Australia’s $43-billion hedge fund industry has survived the global financial crisis intact and has moved back into a “growth trajectory,” according to one of the judges at this year’s Hedge Fund of the Year Awards.

Matthew Jeremy, the managing director of Caravel Consulting Services, said the awards – led by overall winner, the BlackRock Australian Equity Market Neutral Fund – shows that the industry had learned from the losses of the last few years and had adopted “new processes to deal with challenging circumstances.”

“I think the industry has responded well to investor concerns on issues such as transparency, liquidity and governance, and is just now going from strength to strength,” said Jeremy.

“It’s been a hard couple of years for the industry and I think the awards show that things are coming back, and that is evidenced by the really good returns produced by the award winners.”

 

The best and the rest

Judges said that market-neutral and global-macro strategies dominated performance in a year that had been unforgiving to stock pickers.

Good sector calls “had separated the best from the rest,” judges said.

BlackRock’s Australian Equity Market Neutral Fund received double honours, winning the Hedge Fund of the Year and Best Market Neutral Fund awards.
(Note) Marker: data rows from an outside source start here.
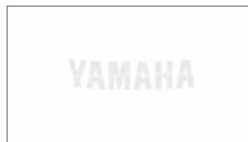
Reflective Rim Sticker for 1 Wheel (Front) YME-FSGEN-10-01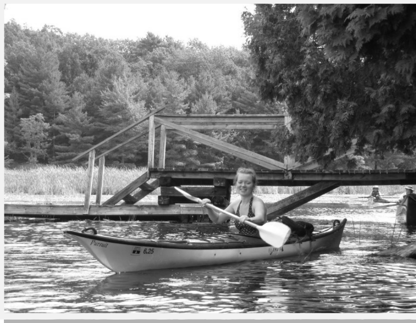
An August Paddle from Otter Lake to Kingsford Dam

Try to drop in at the boathouse during our Open House , Tuesday to Thursday, May 3 - 6, 6 - 8 p.m.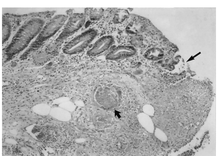
Figure 3. Photomicrograph of perforated sigmoid colon after a motor vehicle crash shows mucosal necrosis ( long arrow ) and submucosal inflammation with thrombosed submucosal blood vessel ( short arrow ). Preoperative diagnosis was blunt rupture of colon (hematoxylin and eosin, ×150)

with a constipating agent. Once through customs, they use laxatives or enemas to retrieve the packets in the stool. Each packet contains 3–7 g of cocaine, a fatal dose if a packet ruptures and the cocaine is absorbed. The ingested cocaine packets may also cause a mechanical bowel obstruction. Once ruptured, the surviving patient may experience all of the complications of cocaine toxicity, including giant gastric ulceration. Asymptomatic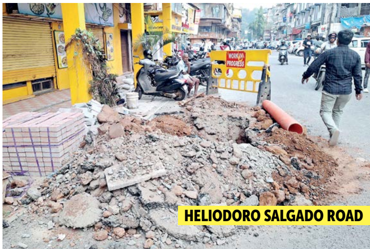
HELIODORO SALGADO ROAD

An O Herald inspection showed that stretches such as SV Road, from Geeta Bakery to DB Road Junction, the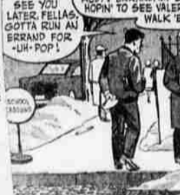
SEE YOU LATER, FELLAS! GOTTA RUN AN ERRAND FOR 'UH-POP'!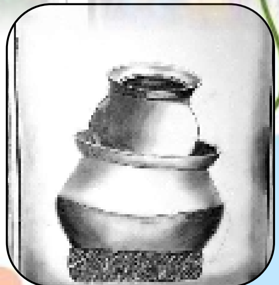
AVANI - XII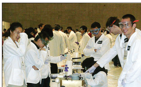
Chem-E Car Team in competition

The Purdue student chapter of the American Institute of Chemical Engineers (AIChE) started the academic year by introducing new chemical engineering students to the organization via a callout in early fall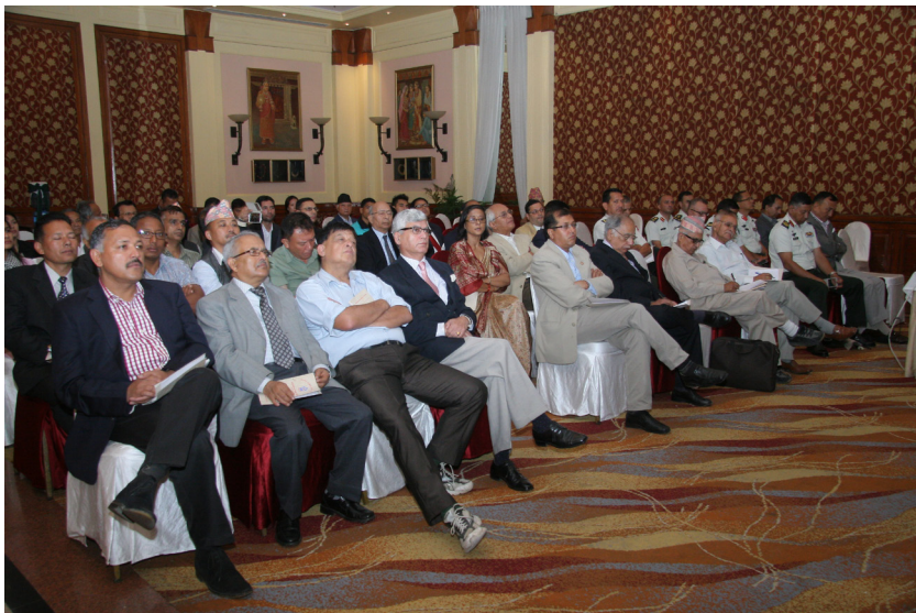
General participants at the Seminar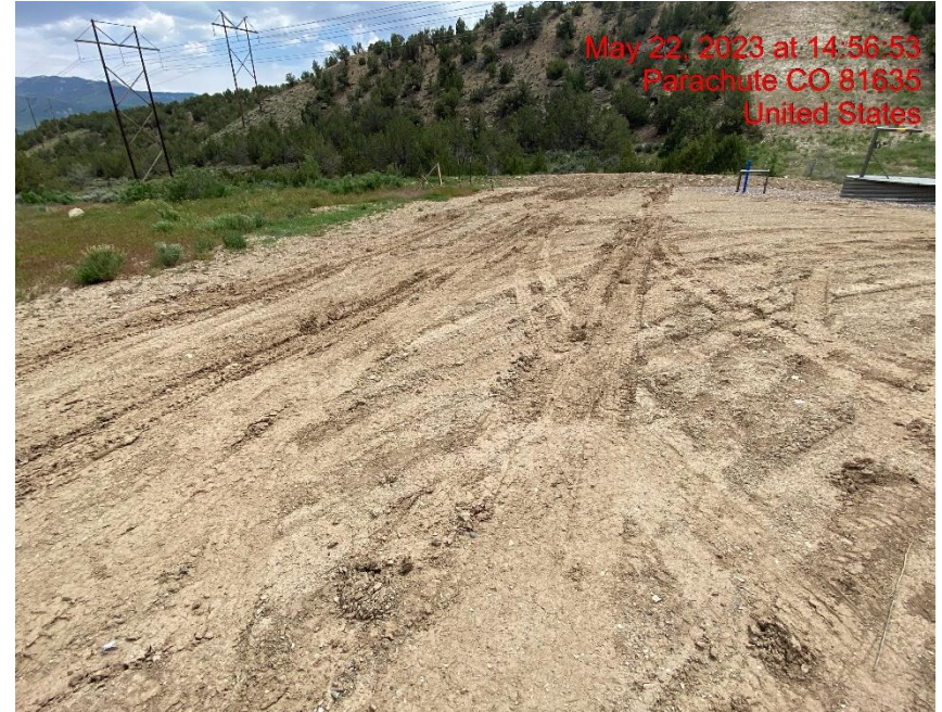
Location Lacks Stabilization – Photo #03678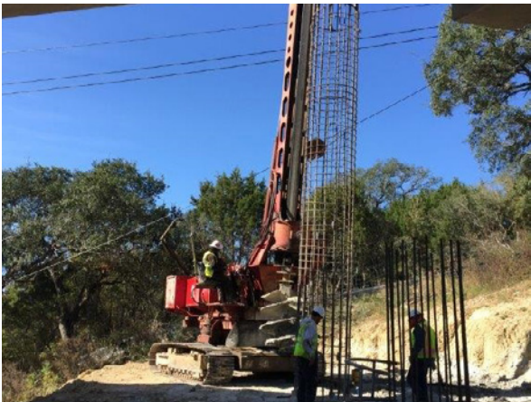
7. Voges Placing Steel for Bent 6 Dilled Shaft at Onion Crk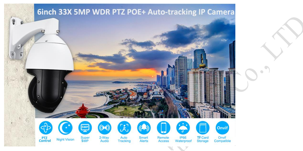
6inch 5MP 33X IR Auto-tracking PTZ IP Dome Camera Outdoor

The High Speed PTZ Camera adopts the advanced Uniview solution, it's not only bringing the rich AI Functions, such as Face Detection, Auto-Tracking for long-distance video surveillance, Multi-behavior Detection, but also delivers great video quality, reliable operation, a long & stable operating life, and a wonderful using experience.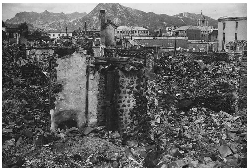
Fig. 1. Scene (1950) of war damage in residential section of Seoul, Korea

For three months following the invasion of the South by the North Korean puppet forces on June 25, the capital city of Seoul was extremely due to their blatant acts of robbery and the desperate destructive acts (Fig. 1) during the September 28 evacuation.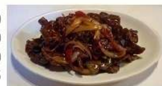
73 Crispy Beef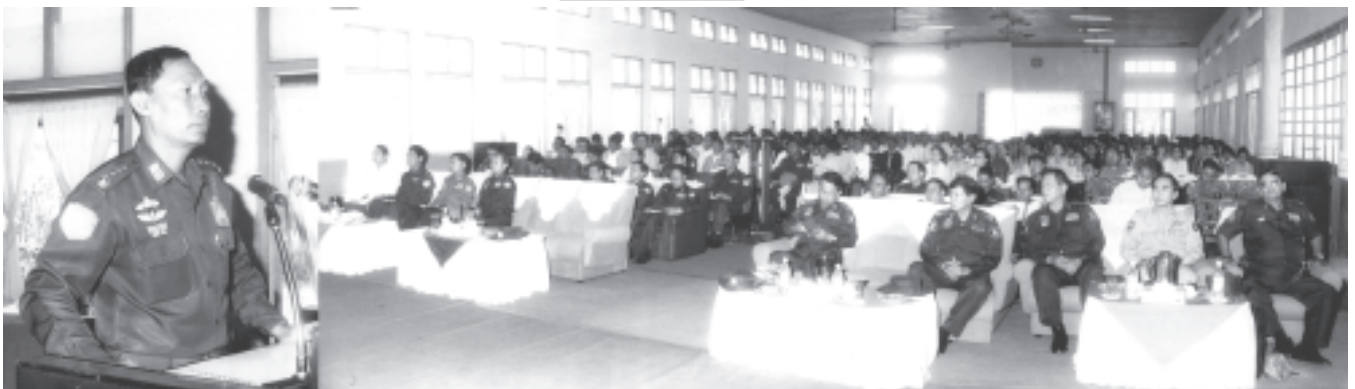
General Thura Shwe Mann meets departmental officials and local people at Town Hall in Dawei.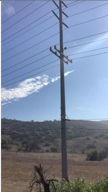
Item3GImg1: Overall Pole

The wholesale fund delivered 22.49 per cent annualised returns gross of fees over two years to June 30.

Other winners across the 10 categories included the Optimal Australian Absolute Trust, which won the Best Long Short and Absolute Fund, and the GMO Systematic Global Macro Trust.

Several managers, Aurora, Optimal, GMO, Kapstream, Imperia, and Pengana, were backing up as winners from last year.

The annual Hedge Funds Rock awards event raised over $130,000 for the nominated charity, Cure Our Kids.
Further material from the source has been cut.